→ Work task
Omit all images, then repeat exactly the lines below from the one containing "Personalized mugs for" through the one containing "BT、BST和ST的XRD图谱主要的峰值以及对应的角度", both ends included.

→ Data supplied
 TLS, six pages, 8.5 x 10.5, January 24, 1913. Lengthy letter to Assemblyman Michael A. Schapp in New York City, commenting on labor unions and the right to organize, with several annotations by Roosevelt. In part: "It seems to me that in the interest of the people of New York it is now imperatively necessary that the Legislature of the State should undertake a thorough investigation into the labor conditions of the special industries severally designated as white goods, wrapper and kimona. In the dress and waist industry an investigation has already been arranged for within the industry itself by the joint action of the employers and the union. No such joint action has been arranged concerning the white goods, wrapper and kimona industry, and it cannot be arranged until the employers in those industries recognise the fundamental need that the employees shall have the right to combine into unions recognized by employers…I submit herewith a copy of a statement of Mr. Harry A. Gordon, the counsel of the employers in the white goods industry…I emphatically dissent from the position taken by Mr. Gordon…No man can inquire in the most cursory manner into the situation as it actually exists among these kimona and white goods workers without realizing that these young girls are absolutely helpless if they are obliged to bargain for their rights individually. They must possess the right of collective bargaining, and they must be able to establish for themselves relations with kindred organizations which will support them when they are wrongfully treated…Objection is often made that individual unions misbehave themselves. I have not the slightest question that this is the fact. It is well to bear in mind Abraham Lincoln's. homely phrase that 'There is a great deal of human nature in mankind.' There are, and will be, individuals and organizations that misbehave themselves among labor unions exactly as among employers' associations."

---

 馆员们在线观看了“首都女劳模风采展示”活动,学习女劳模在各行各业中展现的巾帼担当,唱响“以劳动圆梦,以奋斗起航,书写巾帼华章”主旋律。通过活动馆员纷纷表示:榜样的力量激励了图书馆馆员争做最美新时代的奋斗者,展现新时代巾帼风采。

---

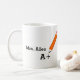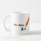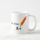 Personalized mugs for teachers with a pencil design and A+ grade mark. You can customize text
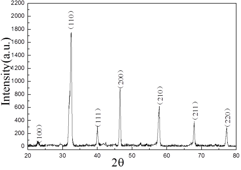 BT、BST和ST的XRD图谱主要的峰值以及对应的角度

→ Result of the exercise
 Personalized mugs for teachers with a pencil design and A+ grade mark. You can customize text
 BT、BST和ST的XRD图谱主要的峰值以及对应的角度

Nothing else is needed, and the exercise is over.